Si va infatti da 2 giorni a quasi tre settimane di durata media delle degenze dei pazienti Covid. In mezzo c’è di tutto. Entrando nel dettaglio, i dati vanno chiariti. L’ospedale-lampo (il San Giacomo D’Altopasso di Licata) ha un rilievo statistico poco utile, visto che c’è soltanto un paziente dimesso su 8 ricoverati. Più significative, invece, sono le performance di altre strutture: il Guzzardi di Vittoria (4,5 giorni di permanenza media dei 38 dimessi su 78), il Papardo di Messina (6,4 giorni, seppur con 13 dimissioni su 74 ricoveri), l’Ospedale dei Bambini di Palermo (6,5, ma con 29 dimessi su 31), il San Giovanni Di Dio di Agrigento (7 giorni sui 12 dimessi di 83), il Gela (7,4 con 54 ingressi). Più sale il numero di pazienti, più si allunga la permanenza in corsia. Con qualche eccezione virtuosa: l’Umberto I di Siracusa, che tiene una media di 8,8 su 48 dimessi dei 94 ricoverati, ma soprattutto il Garibaldi-Centro di Catania, in cui, nonostante la pressione dei 269 ricoveri Covid, riesce a dimetterne 151, con una permanenza inferiore a 9 giorni.

Le variabili da considerare sono numerose: la grandezza e la relativa dotazione organica, la tipologia di pazienti (e il peso, sul totale, di quelli in terapia intensiva), il ruolo dell’ospedale sul territorio, le strategie post dimissioni (cure domiciliari, Covid hotel o Rsa). Ed è per questo che talvolta alcuni risultati non sono assimilabili. Come nel caso del più lento nelle dimissioni, il Maria Ss. Addolorata di Biancavilla (20,8 giorni per i 12 dimessi su 32 ricoverati), rispetto all’altro ospedale-lumaca che lo segue a ruota, ovvero il Civico di Palermo, con 19,1 giorni per le 110 dimissioni sui 245 ricoveri. Fra gli altri “sopra-media” ci sono l’Abele-Ajello di Mazara (35 su 54, 19 giorni), il Policlinico di Messina (16,5 giorni per dimettere appena 32 malati su 86) e il S. Elia di Caltanissetta (16,4 giorni, 41 dimessi su 90).

La rapidità del turn over è uno degli elementi che mette sul tavolo il dirigente La Rocca nel suo sfogo contro i direttori generali, che «non avevano gli attributi per imporsi su alcuni medici». Questi ultimi, a differenza dei colleghi che «si stanno sacrificando dando l’anima in questa emergenza», secondo il dirigente generale della Pianificazione strategia, «non vogliono occuparsi» di pazienti Covid «per potere continuare a gestire pazienti in intramoenia».

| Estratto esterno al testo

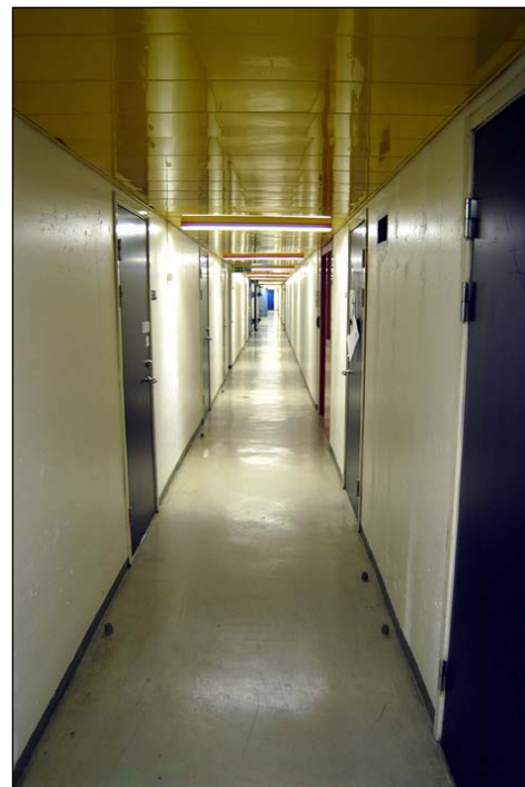
Suckarnas gång. Det gula plåttaket speglar belysningen och är ett intressant inslag i denna betongmiljö. Från väster. Nbm acc.nr 2005:214:01

På källarplan är känslan av ”underjord” och betong påtaglig. Här finns en näst intill ändlös korridoren som kallas Suckarnas gång . Den leder genom hela husets längd, från en hiss (”bushiss”) i den polisiära delen till en annan under tingsrätten. Denna väg fördes personer från häktet till rättegång och förhör på den tiden häkte fanns i huset. Tidigare fanns ingen avgränsande dörr i korridoren utan sikten sträckte sig genom dess hela längd. 49 Nu är den polisiära delen av korridoren avgränsad med en blå ståldörr.
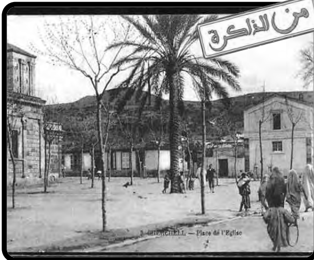
مدينة شرف شلال
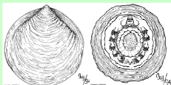
たんばんこう 単板綱
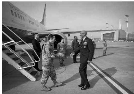
Am 19. März 2024 traf sich die „Ukraine-Kontaktgruppe“ auf der US-Airbase Ramstein

deutschen Grundgesetzes, sind de facto Enklaven. Dabei hatte das Bundesverfassungsgericht im Urteil des Zweiten Senats vom 15. Juli 2025 (2 BvR 508/21) zum Drohneneinsatz über Ramstein in seinen Leitsätzen ausdrücklich festgehalten: Der Bundesrepublik Deutschland „obliegt ein allgemeiner Schutzauftrag dahingehend,
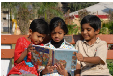
Des enfants découvrent la Bible illustrée

L'activité de la Société Biblique Pakistanaise (SBP) consiste à produire et à distribuer gratuitement ou à prix réduits des Bibles, Nouveaux Testaments, portions de la Bible et autres publications (Affiches, Traités, Calendriers, Livres de coloriage ...). Pour cela, elle collabore parfois avec d'autres organisations locales pour atteindre toute l'étendue du pays et pour toucher toutes les catégories de personnes. La SBP bénéficie également du travail des bénévoles qui s'occupent principalement de la distribution.
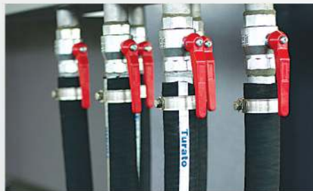
17 Rubber hoses Tuyaux en caoutchouc
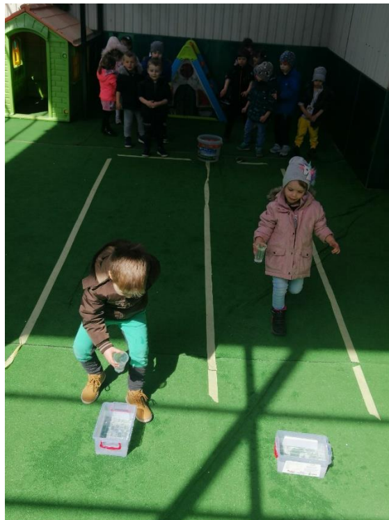
Slika 6. Tko će prije napuniti posudu vodom

Ovu igru prikladnije je igrati na otvorenom prostoru, no moguće ju je igrati i u zatvorenom prostoru, kao što to pokazuje Slika 6 . Odgajatelj treba označiti teren za igru. Za igru su potrebne plastične čaše, kanta s vodom te posuda koju je potrebno napuniti vodom. Odgajatelj djecu dijeli u dvije skupine te svakom djetetu daje po jednu plastičnu čašu. Zadatak je čašom zagrabit vodu iz kante te ju potom odnijeti do posude i izliti. Pobjednik je ekipa koja prva napuni posudu vodom.
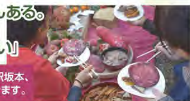
2020年より12月の新月に開催する『赤の祭り』を創りました。鎮魂と再生の祈りをささげる祭りです。色を失った故郷を、鮮やかな赤い食べ物で彩ります。

「祭りを終わりでまで見届けたい。皆さんの高齢化により、ある日確実に終わると思っています。今日も世界中のどこかで何かが消滅している。自然に抗わず、今残っていることが素晴らしいからその事実を皆さんに知ってもらいたい。だからこそ、私は今の記録を残したいと思った。私の取材は『看取り』みたいな思いもあります」

Le prestazioni a pagamento svolte dai big della sanità siciliana sono compatibili con il Covid, soprattutto laddove drenano risorse umane? Il dibattito, fra gli esperti, è infuocato. Ma il punto è un altro. La comunicazione dei dati (come questi che pubblichiamo) all’opinione pubblica è fondamentale. Così come sarebbe opportuno, laddove ci fossero sospetti che dietro ai numeri si nascondano altre dinamiche poco chiare, denunciare eventuali abusi. Non soltanto alla stampa.